**About this exercise**
Beginning at the line that contains "Este elegante convite" and finishing at the line that contains "商品相册:齐心(COMIX)172x86mm 高透明亚克力V型双面台牌/台卡/座位牌 B2393第1张/共4", output the data below exactly. Include both end lines and no pictures.

::: Information :::

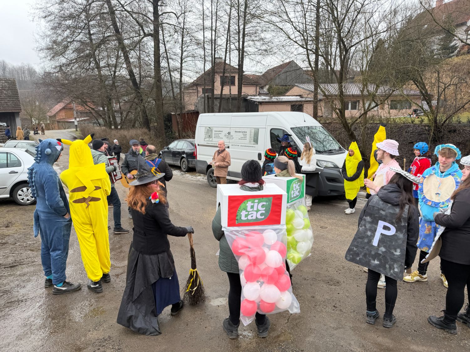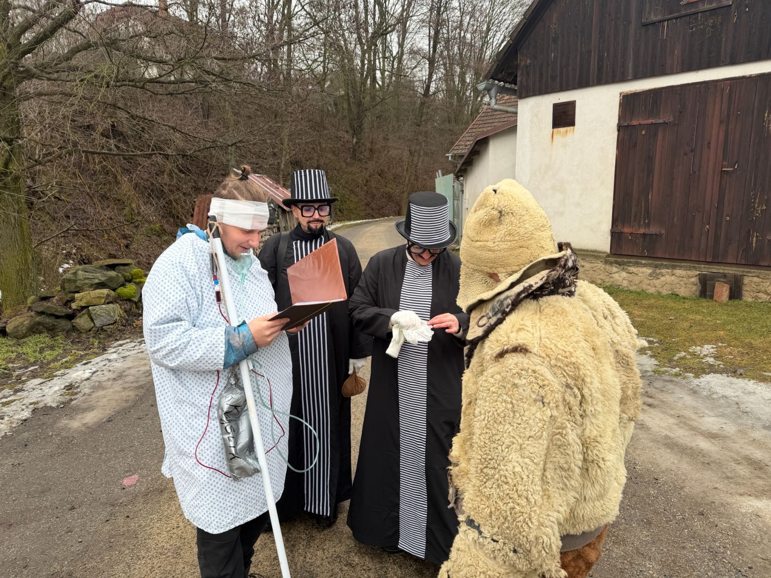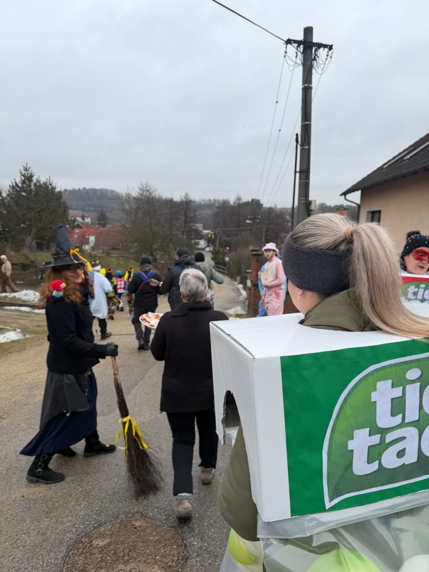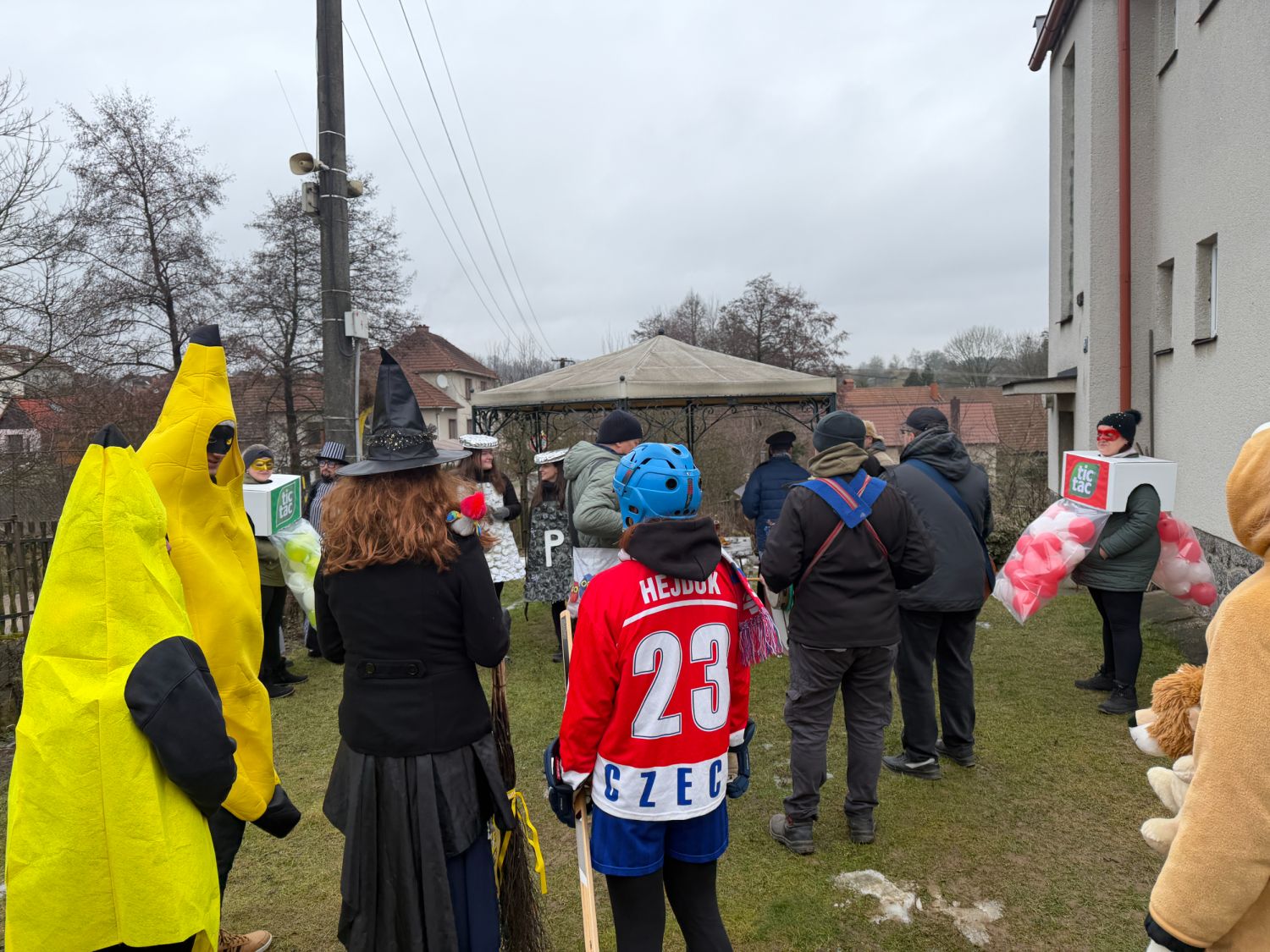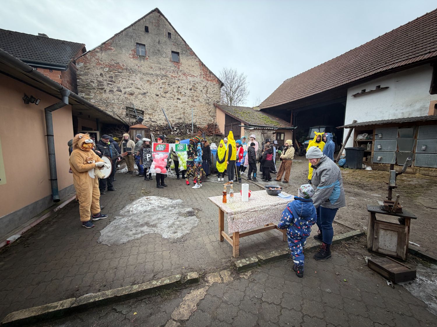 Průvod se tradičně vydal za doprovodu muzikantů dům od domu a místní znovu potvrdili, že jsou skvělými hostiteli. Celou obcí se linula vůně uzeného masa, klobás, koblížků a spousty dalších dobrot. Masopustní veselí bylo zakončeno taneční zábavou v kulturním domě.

:::
::: Information :::

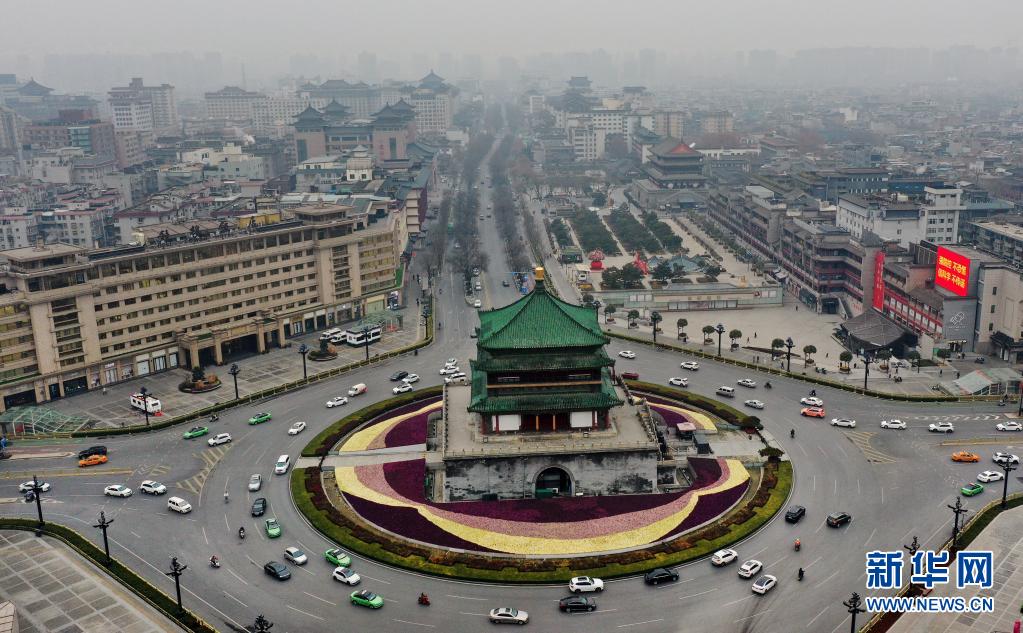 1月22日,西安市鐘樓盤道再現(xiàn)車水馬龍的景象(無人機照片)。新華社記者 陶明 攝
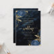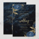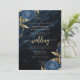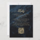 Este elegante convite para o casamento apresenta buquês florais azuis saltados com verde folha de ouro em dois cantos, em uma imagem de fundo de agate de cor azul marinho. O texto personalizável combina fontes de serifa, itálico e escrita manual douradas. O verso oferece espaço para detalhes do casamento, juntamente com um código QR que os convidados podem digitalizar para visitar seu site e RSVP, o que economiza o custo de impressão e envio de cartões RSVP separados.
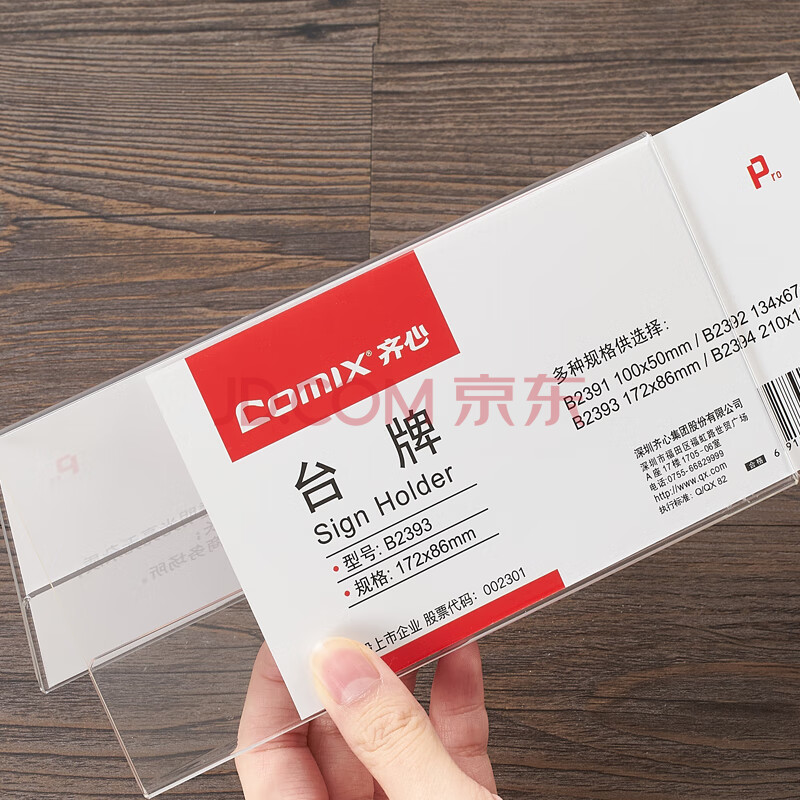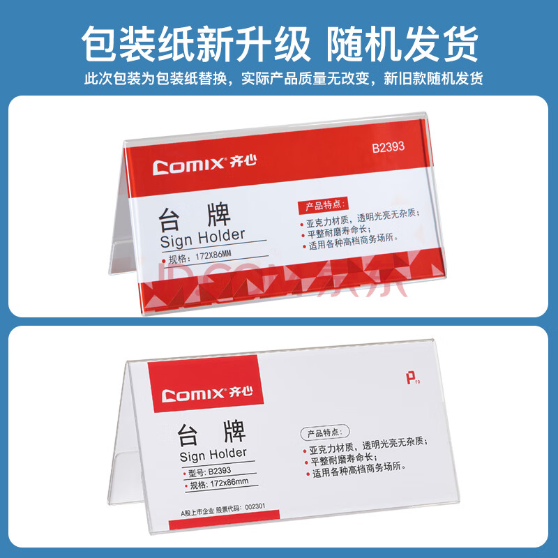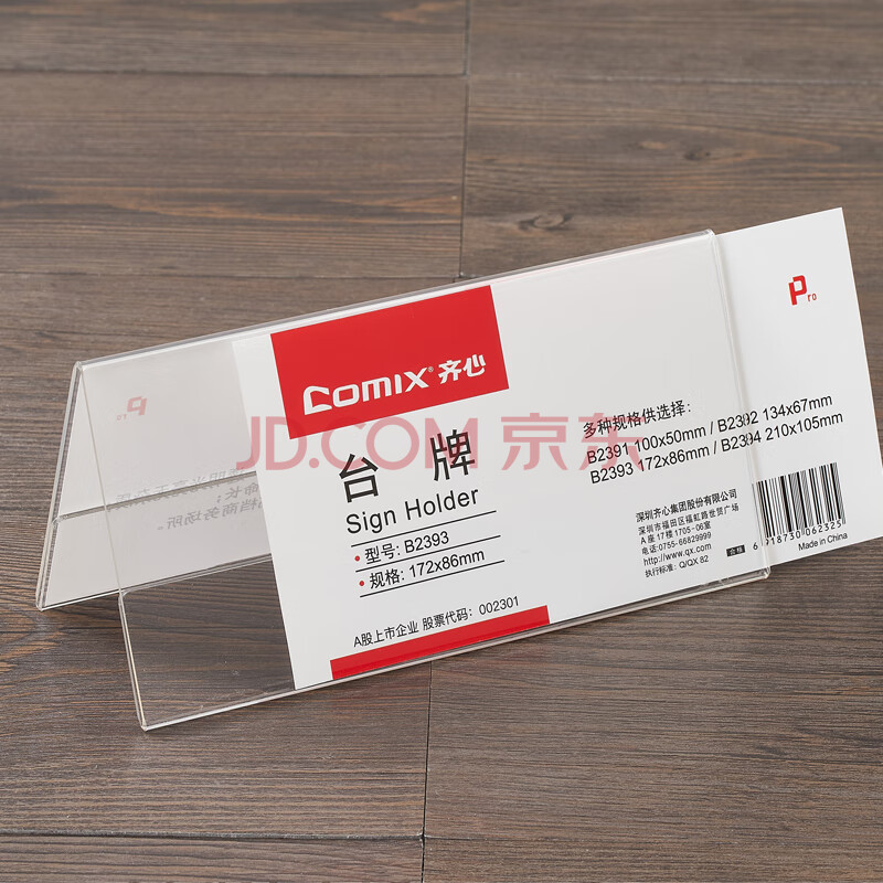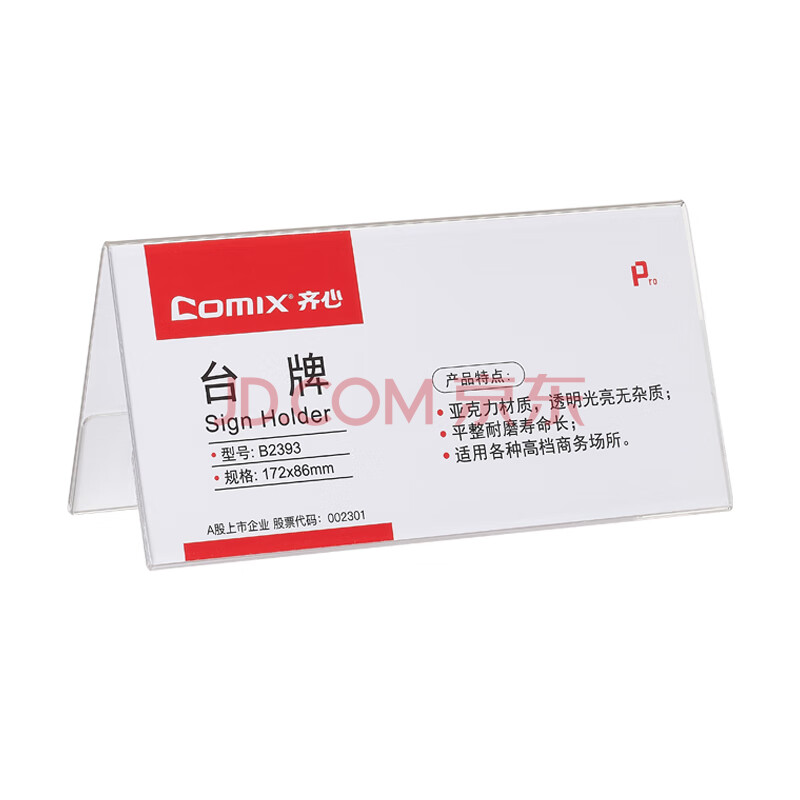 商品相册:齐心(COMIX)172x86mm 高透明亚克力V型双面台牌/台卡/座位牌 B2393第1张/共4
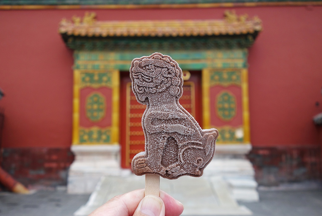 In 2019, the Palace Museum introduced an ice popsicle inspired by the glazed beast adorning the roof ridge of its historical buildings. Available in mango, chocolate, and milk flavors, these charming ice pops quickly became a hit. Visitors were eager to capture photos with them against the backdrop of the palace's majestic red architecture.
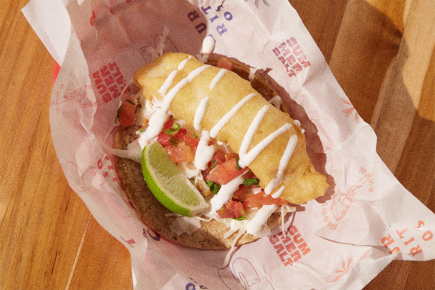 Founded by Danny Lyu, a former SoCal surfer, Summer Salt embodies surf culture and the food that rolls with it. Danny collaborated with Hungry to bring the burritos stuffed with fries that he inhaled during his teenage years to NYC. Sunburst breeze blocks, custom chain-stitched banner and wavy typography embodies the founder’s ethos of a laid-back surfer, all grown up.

:::

**Answer box**
 Este elegante convite para o casamento apresenta buquês florais azuis saltados com verde folha de ouro em dois cantos, em uma imagem de fundo de agate de cor azul marinho. O texto personalizável combina fontes de serifa, itálico e escrita manual douradas. O verso oferece espaço para detalhes do casamento, juntamente com um código QR que os convidados podem digitalizar para visitar seu site e RSVP, o que economiza o custo de impressão e envio de cartões RSVP separados.
 商品相册:齐心(COMIX)172x86mm 高透明亚克力V型双面台牌/台卡/座位牌 B2393第1张/共4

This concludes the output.